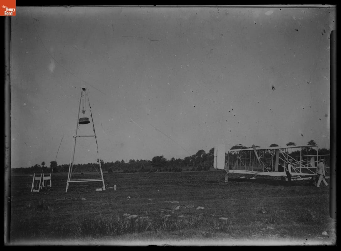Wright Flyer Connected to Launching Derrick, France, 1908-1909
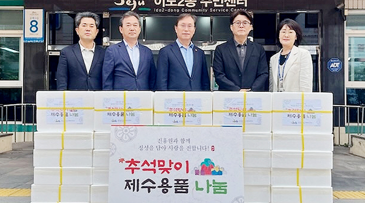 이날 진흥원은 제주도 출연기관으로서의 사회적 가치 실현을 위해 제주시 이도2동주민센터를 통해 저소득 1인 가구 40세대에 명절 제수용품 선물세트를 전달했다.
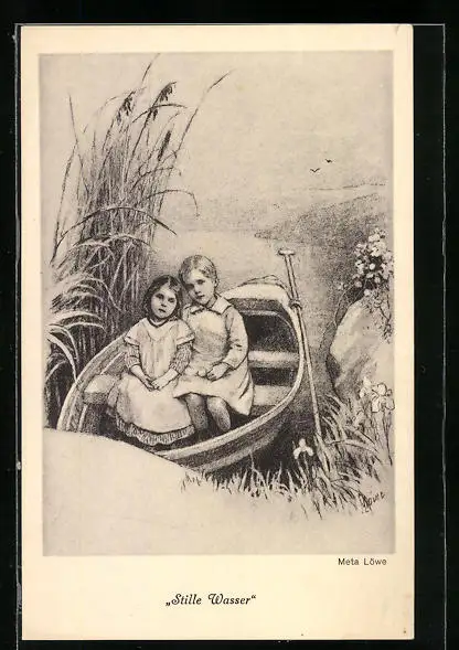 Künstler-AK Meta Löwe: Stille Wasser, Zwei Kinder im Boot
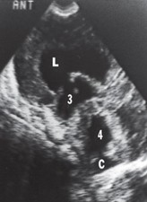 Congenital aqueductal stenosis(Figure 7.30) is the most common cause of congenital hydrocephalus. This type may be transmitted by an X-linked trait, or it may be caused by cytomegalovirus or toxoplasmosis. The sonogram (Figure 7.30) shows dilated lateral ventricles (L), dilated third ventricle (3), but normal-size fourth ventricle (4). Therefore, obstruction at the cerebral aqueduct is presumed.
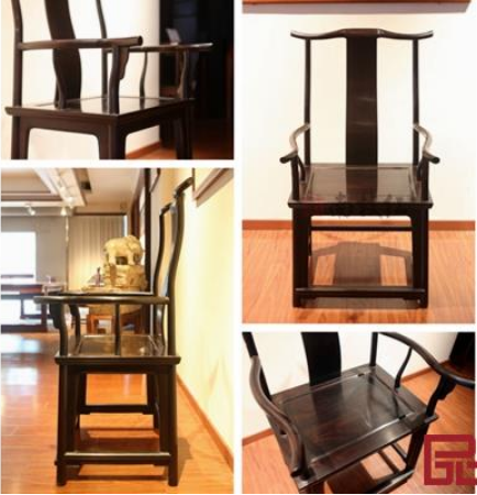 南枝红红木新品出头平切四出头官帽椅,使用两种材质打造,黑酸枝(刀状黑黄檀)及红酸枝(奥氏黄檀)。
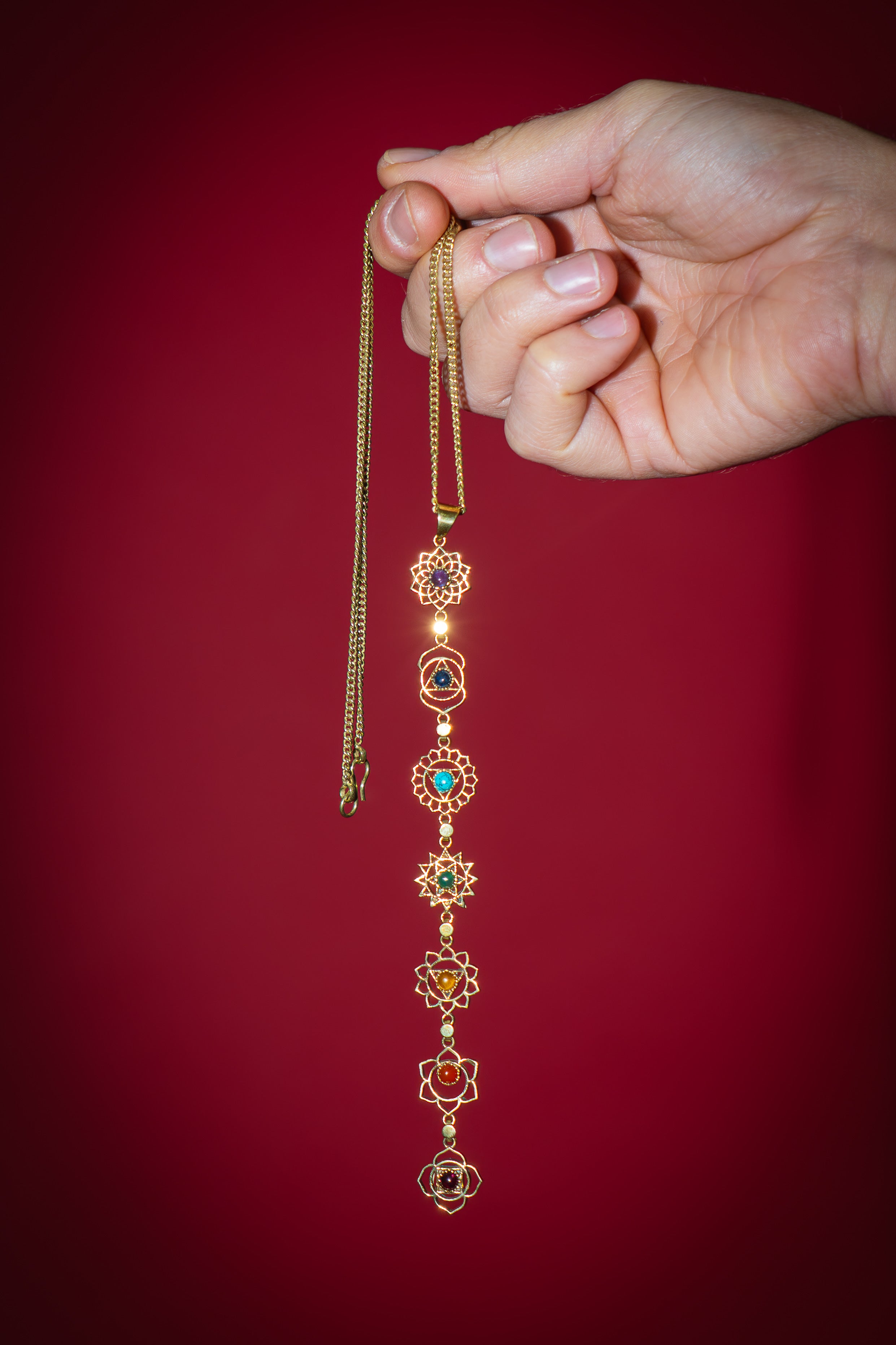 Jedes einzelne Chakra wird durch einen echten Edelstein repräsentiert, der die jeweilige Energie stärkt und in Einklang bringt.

= = =

WHAT YOU HAVE TO DO:
Only the lines from the line with "Congenital aqueductal stenosis(Figure" through the end of the entries above, copied exactly and with both ends included, belong in the response; the pictures do not.

OUTPUT OF THE EXERCISE:
 Congenital aqueductal stenosis(Figure 7.30) is the most common cause of congenital hydrocephalus. This type may be transmitted by an X-linked trait, or it may be caused by cytomegalovirus or toxoplasmosis. The sonogram (Figure 7.30) shows dilated lateral ventricles (L), dilated third ventricle (3), but normal-size fourth ventricle (4). Therefore, obstruction at the cerebral aqueduct is presumed.
 南枝红红木新品出头平切四出头官帽椅,使用两种材质打造,黑酸枝(刀状黑黄檀)及红酸枝(奥氏黄檀)。
 Jedes einzelne Chakra wird durch einen echten Edelstein repräsentiert, der die jeweilige Energie stärkt und in Einklang bringt.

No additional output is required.